By: caspy (caspy) 2009-06-02 09:47:54

one more backtrace

By: Sean Bright (seanbright) 2009-06-03 16:43:44

Was the latest crash with the latest from the 1.6.0 branch?

By: caspy (caspy) 2009-06-03 16:52:38

no, it's still 1.6.0.9

By: Sean Bright (seanbright) 2009-06-03 17:09:33

Ah.  Could you try the attached patch (r190288.diff)?  This is a change that went into the 1.6.0 branch that relates to locking in chan_local.  It's very possible that it resolves your crash.

By: caspy (caspy) 2009-06-03 17:18:12

seanbright,
patch installed upon 1.6.0.9. let's look for stability now.
thanks.

By: caspy (caspy) 2009-06-03 17:21:12

(it may take longer time to test, cause i have turned on debug for ASTERISK-1462783.
please, don't close issue too soon)

By: Sean Bright (seanbright) 2009-06-09 12:50:43

caspy,

Have you had any luck replicating this crash after applying the patch?

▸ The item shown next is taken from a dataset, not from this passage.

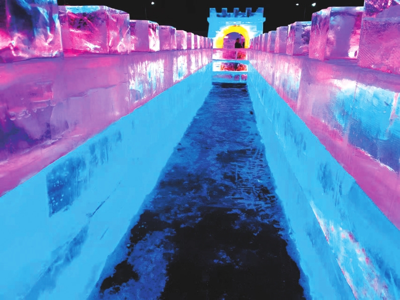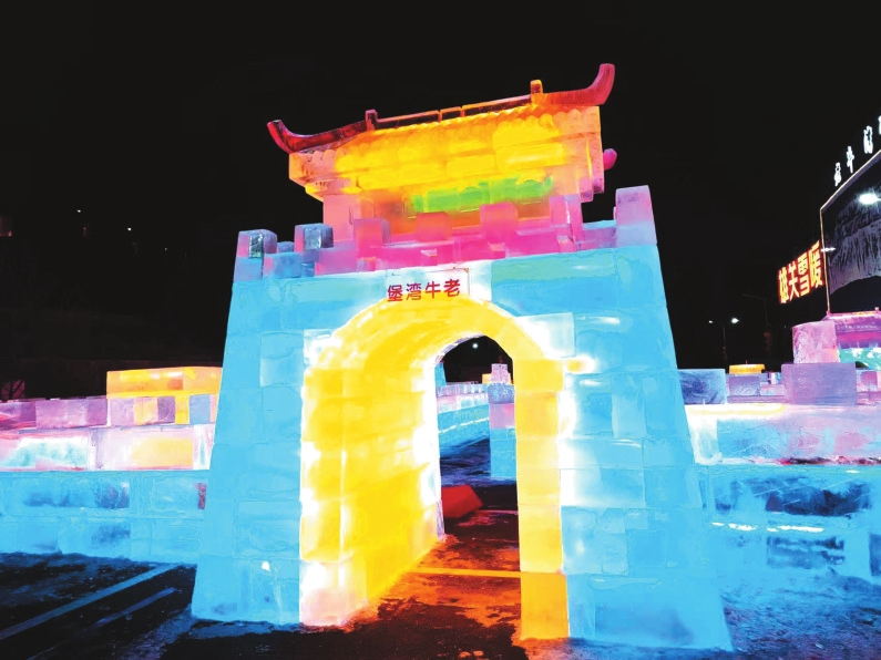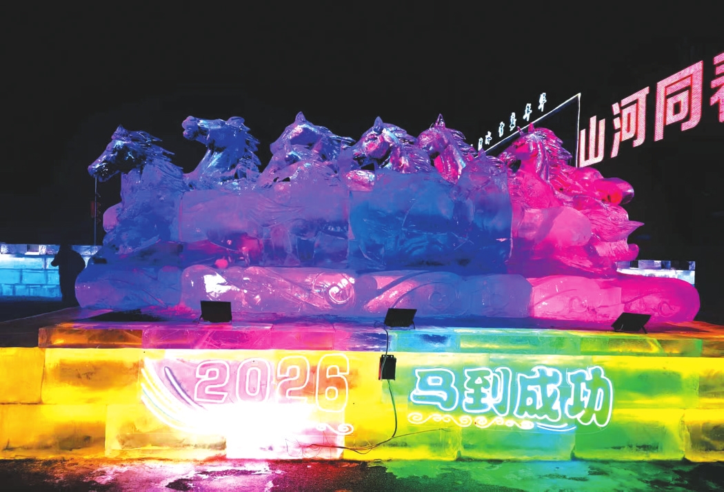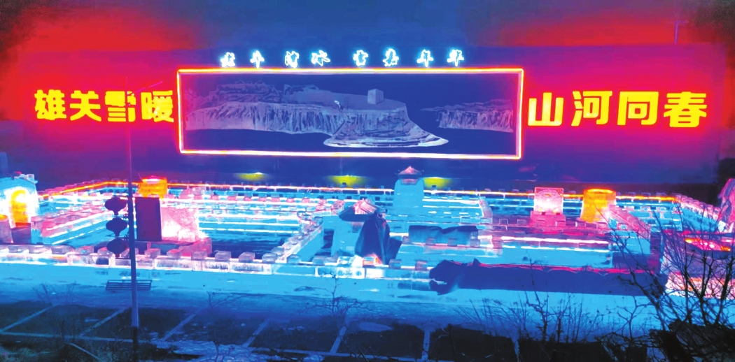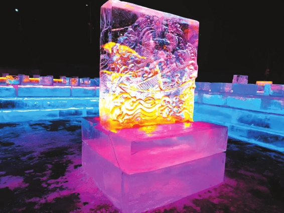 赏冰雕艺术。码头区域的冰雕展,将黄河、长城文化与冰雪艺术巧妙结合,晶莹剔透中尽显雄关气韵。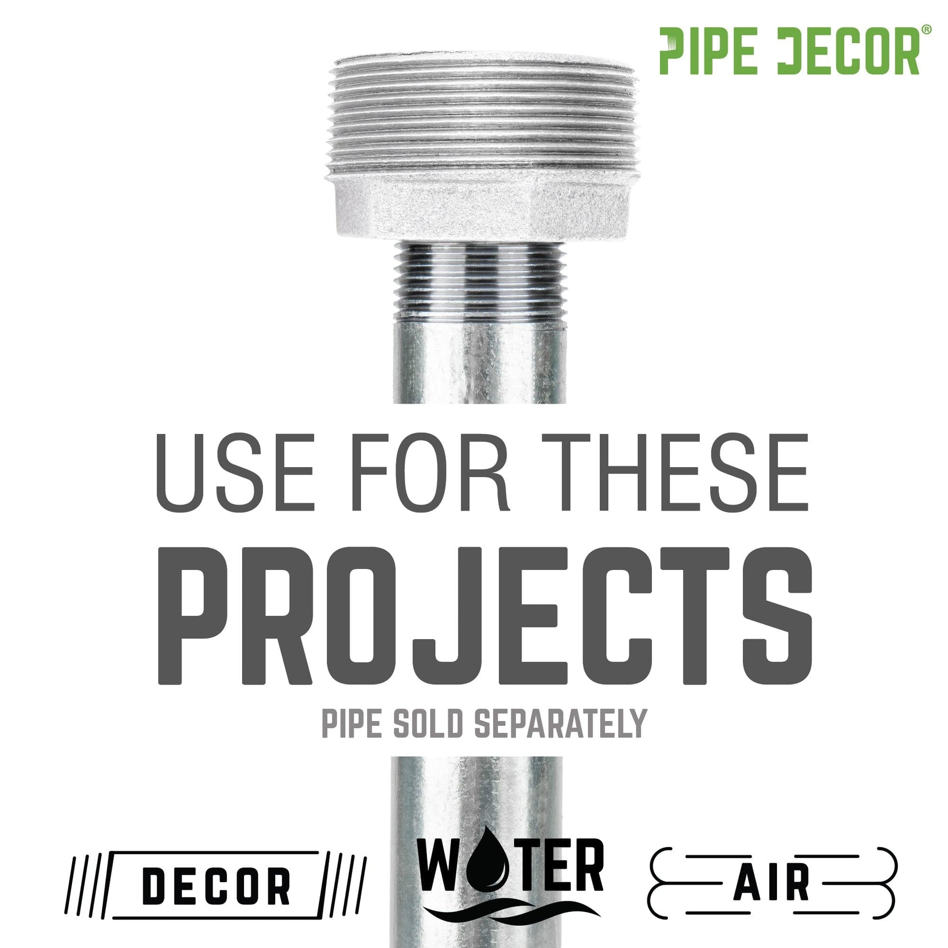 Make your standard fittings more versatile with our galvanized bushings. A bushing can be used in any project that involves connecting a larger fitting with a smaller pipe. Make the most of your DIY creations. Galvanized fittings are silver in color with a shiny finish that brings a clean, polished look to your pipe furniture. Our fittings are made with durable, industrial-grade malleable iron. Fittings are 100% authentic and are made to stand the test of time. You will know PIPE DECOR parts and accessories when you hold them. Beauty and beast. Strength and style. These are real industrial fittings for your decorations and designs. Accept no substitutes. Extra pieces and accessories are available for your custom projects and expansions. Plug and play as desired.

By: caspy (caspy) 2009-06-09 13:07:54

seanbright,

No. Since the patch was installed asterisk stable.
But, please, leave issue open for an 1-1.5 weeks more. Results will be more accurate, and i also want to return DEBUG_THREADS, and look for error messages about threads trouble gone away.

I'll write upon any results.

By: caspy (caspy) 2009-06-15 02:13:51

seanbright,

with this patch messages described in comment 0105384 has gone too.
I think we can consider, that this patch resolves this issue.

Thanks!

By: Sean Bright (seanbright) 2009-06-15 12:00:38

This has already been fixed by r190286 and friends.